Board OKs design for school
Lansing School Board has cleared the way for the construction phase to begin on the school bond projects approved by voters 10 months ago.
After an hour and a half of discussion Monday, the board approved, 6-0, the designs for the new elementary school and high school auditorium covered by a $23.6 million bond issue approved by voters in April 2005. Board member Craig Gephart was absent from the special meeting.
Last week, at the board's regular meeting, members tabled approval of the construction documents after board vice president Shelly Gowdy brought up questions about putting a standing-seam metal roof on the elementary school rather than a modified bitumen membrane roofing system.
At that time, the board instructed representatives from Wilson and Company, Engineers and Architects, to show the board an estimate for a standing-seam metal roof for the elementary school. They also asked Wilson and Company for an estimate of how many people would fit in the lobby of the high school auditorium, and they directed school principals to make the designs available for staff comments.
Discussion on Monday centered on the roofing system for the elementary school. Jon Plumer of Wilson and Company told the board the price difference between its options was an additional $3.30 per square foot for a standing-seam metal roof. The additional roofing required, increased masonry in walls to support such a roof and rearranging of air-conditioning units added up to $451,450.
Gowdy's hangup on the roofing stems from problems Lansing Middle School has had with leakage, she said. The building has leaked since it was built in 1996, she said.

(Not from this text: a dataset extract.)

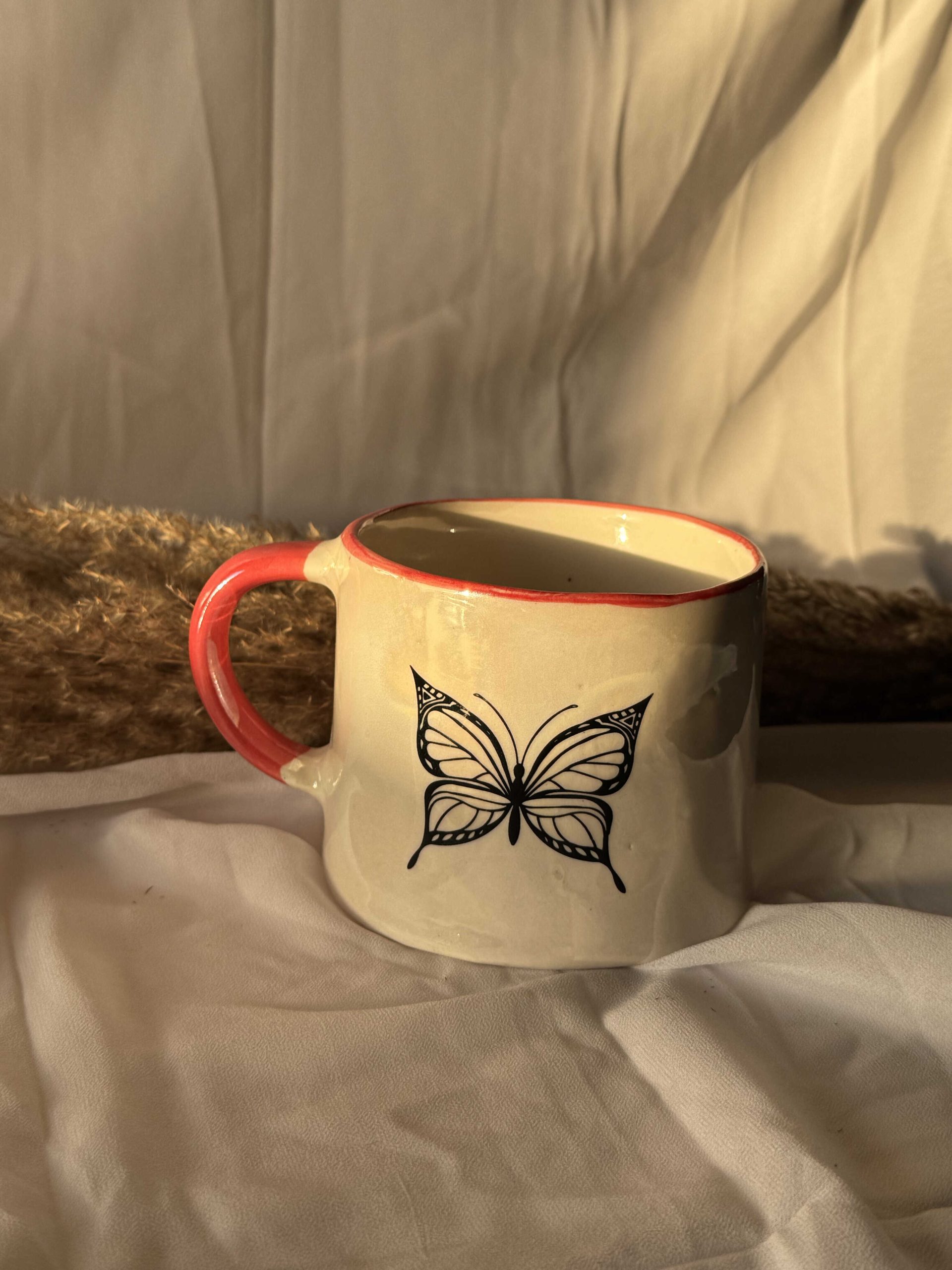 ماگ سرامیکی طرح پروانه قرمز-مناسب هدیه به عزیزان

Gowdy and board president Brian Bode told Plumer and architect Bruce Mortimer of Wilson and Company that they were concerned that as the new elementary building settles, the modified bitumen roof would lose its pitch and become flatter, leading to areas that collect water, which can leak into the building.

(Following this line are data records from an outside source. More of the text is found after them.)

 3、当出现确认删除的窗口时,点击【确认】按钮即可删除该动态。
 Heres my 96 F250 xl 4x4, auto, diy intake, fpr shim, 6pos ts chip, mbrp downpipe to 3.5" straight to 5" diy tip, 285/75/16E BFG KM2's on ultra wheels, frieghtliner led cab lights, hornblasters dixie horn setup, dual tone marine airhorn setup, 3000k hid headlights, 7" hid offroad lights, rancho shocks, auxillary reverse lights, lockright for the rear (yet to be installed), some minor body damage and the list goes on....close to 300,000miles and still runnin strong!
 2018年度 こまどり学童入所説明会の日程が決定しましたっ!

Mortimer told the board that the roof type installed at LMS was single-ply rubber roof and was "not a quality roof system."
In the end, the board decided against the standing-seam metal roof.
"We just can't stretch our money that far," Bode said.
The board instructed the architects to finish the design plans using a modified bitumen membrane roof with a slope of 1/2-inch per foot where possible, rather than the suggested 3/8-inch-per-foot slope. The latter roof would slope down three inches every eight feet; the former would slope four inches every eight feet, which board members said they hoped would sufficiently drain water from the roof.